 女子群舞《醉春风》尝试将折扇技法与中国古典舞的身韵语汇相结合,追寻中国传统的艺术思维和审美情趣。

■ ■ ■

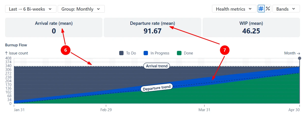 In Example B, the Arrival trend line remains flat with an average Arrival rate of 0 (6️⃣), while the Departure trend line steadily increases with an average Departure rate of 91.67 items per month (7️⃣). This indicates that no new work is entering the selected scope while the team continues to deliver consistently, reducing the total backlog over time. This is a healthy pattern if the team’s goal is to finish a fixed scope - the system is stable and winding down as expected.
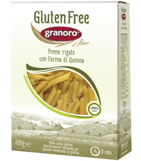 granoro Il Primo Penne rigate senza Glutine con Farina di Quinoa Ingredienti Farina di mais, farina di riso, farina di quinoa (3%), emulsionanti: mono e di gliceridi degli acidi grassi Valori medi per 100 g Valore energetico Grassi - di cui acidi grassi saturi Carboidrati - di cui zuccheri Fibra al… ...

■ ■ ■

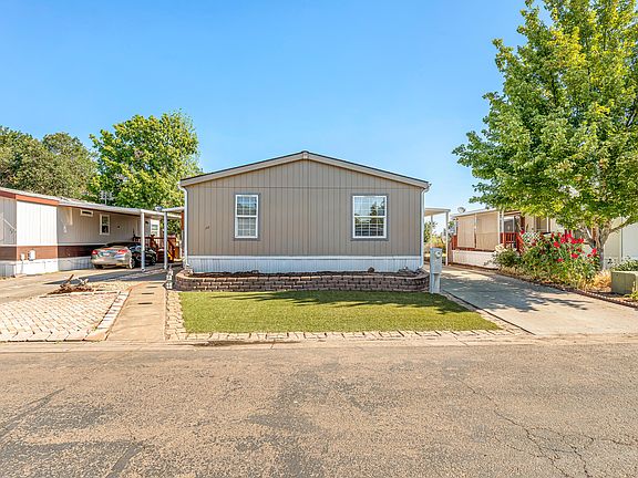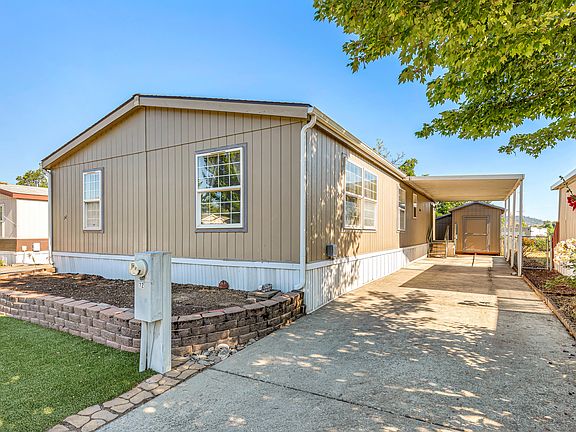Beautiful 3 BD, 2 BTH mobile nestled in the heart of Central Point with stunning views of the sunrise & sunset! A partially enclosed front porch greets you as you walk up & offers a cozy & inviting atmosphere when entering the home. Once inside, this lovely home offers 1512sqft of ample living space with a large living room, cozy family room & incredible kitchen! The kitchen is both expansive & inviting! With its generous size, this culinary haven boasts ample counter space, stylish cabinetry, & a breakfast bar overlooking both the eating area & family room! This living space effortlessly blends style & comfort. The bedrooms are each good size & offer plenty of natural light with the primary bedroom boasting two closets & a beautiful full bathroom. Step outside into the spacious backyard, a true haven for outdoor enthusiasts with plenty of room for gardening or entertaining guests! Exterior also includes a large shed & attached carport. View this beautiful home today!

■ ■ ■

Action item: Everything from the line above that contains "In Example B, the" down to the line that contains "granoro Il Primo" must be reproduced exactly, both ends included. Omit the pictures.

Finished exercise:
 In Example B, the Arrival trend line remains flat with an average Arrival rate of 0 (6️⃣), while the Departure trend line steadily increases with an average Departure rate of 91.67 items per month (7️⃣). This indicates that no new work is entering the selected scope while the team continues to deliver consistently, reducing the total backlog over time. This is a healthy pattern if the team’s goal is to finish a fixed scope - the system is stable and winding down as expected.
 granoro Il Primo Penne rigate senza Glutine con Farina di Quinoa Ingredienti Farina di mais, farina di riso, farina di quinoa (3%), emulsionanti: mono e di gliceridi degli acidi grassi Valori medi per 100 g Valore energetico Grassi - di cui acidi grassi saturi Carboidrati - di cui zuccheri Fibra al… ...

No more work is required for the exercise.